RBA Automation Type Configuration

Options are available for Group public keys and to establish the SSH connection via a jump server. The below example uses just a standard public key. That public key must be added to the file “~/.ssh/authorized_keys” for the appropriate user on the target servers.

RBA SSH Connection Set-up

Create and Test the Automation

Automations are added via the menu Automations > Runbooks > Automations. The automation created will later be added as a step in a Runbook.

NOI Automations menu

The definition for a script automation includes the script and any parameters that need to be passed to that script. By default, a “target” and “user” parameter are defined to identify the hostname of the target server and the user for the server connection and script execution. The value that is assigned to the user must match the user to which the RBA public SSH key was added in the previous section.

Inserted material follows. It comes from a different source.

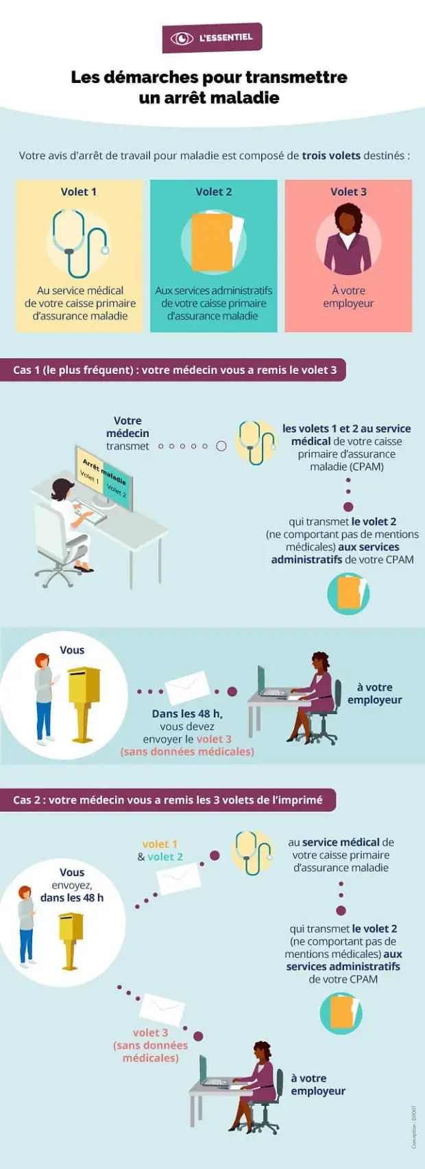 Si votre état de santé ne vous permet pas d’aller travailler, vous devez consulter votre médecin, afin que celui-ci vous transmette un arrêt de travail. Ce dernier devra être transmis dans les 48 heures. Lire la suite.

Custom parameters make the automation more flexible, reducing the number of automations that need to be defined. For example, in the screenshot parameters are defined to identify both the Linux service name and the “systemctl” command. The service name parameter means a single Runbook can be used to manage any service on a target server. The command parameter means that the same automation can be used for multiple service management tasks, either within a Runbook or across different Runbooks, for example, querying the status of a service, restarting a service or stopping a service.

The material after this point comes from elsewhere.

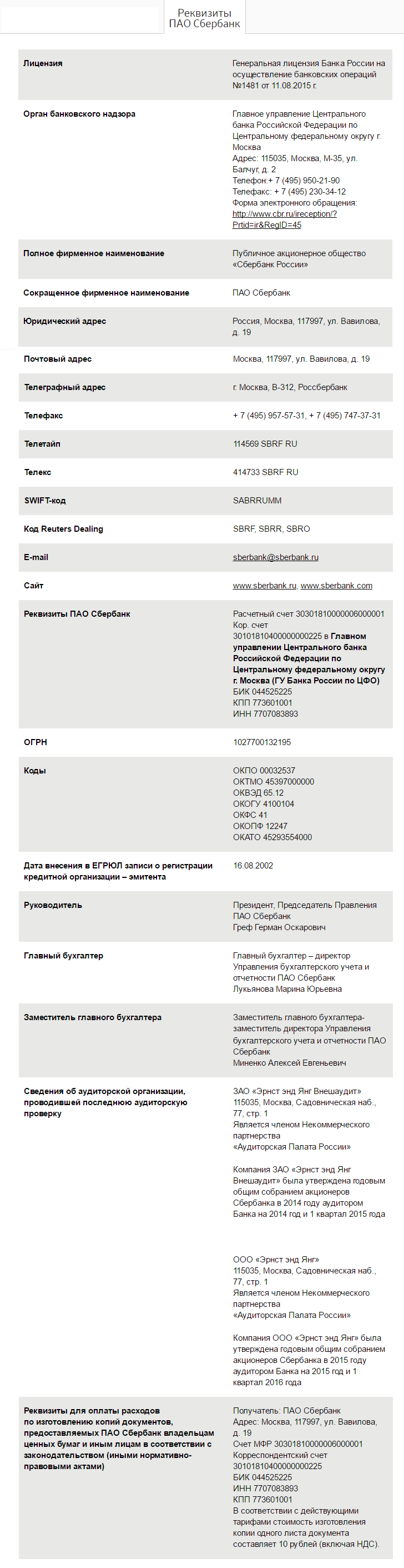 Посмотрим образец реквизитов организации на примере ПАО Сбербанк. Картинка ниже — официально опубликованная на сайте кредитной организации информация.

RBA Script automation set-up

In this instance the script is very basic, running “systemctl” using the specified command and service and then querying the active state of the service. The script can be as complex as necessary, for example you may wish to restrict execution to specific values of the “$command” parameter.

#!/bin/sh
LOGFILE=/tmp/rba.linuxservicecontrol.log
echo "$(date +'%Y-%m-%dT%H:%M:%S')::$$::$(whoami)::Execute::${HOSTNAME}::systemctl ${command} ${servicename}" 2>&1 | tee -a ${LOGFILE}
systemctl ${command} ${servicename} 2>&1 | tee -a ${LOGFILE}
echo "$(date +'%Y-%m-%dT%H:%M:%S')::$$::$(whoami)::Execute::${HOSTNAME}::systemctl is-active ${servicename}" 2>&1 | tee -a ${LOGFILE}
systemctl is-active ${servicename} 2>&1 | tee -a ${LOGFILE}

Once saved, the automation can be verified using the “Test” option from the menu in the Automations table, click the ellipse at the end of the row.

RBA automation test

In the example below, the four parameters are manually entered on the right-hand side to execute “systemctl status chronyd” on the target server as the “netcool” user. The script exit code, “stdout” and “stderr”are returned to RBA.

RBA Automation test

Runbook

An Operator or SRE will step through a Runbook in an effort to resolve an issue. A Runbook is defined from the menu Automations > Runbooks > Library.

RBA Library

A Runbook can contain many steps, a combination of manual steps and automations. For this example, a single step will be included to restart a Linux service.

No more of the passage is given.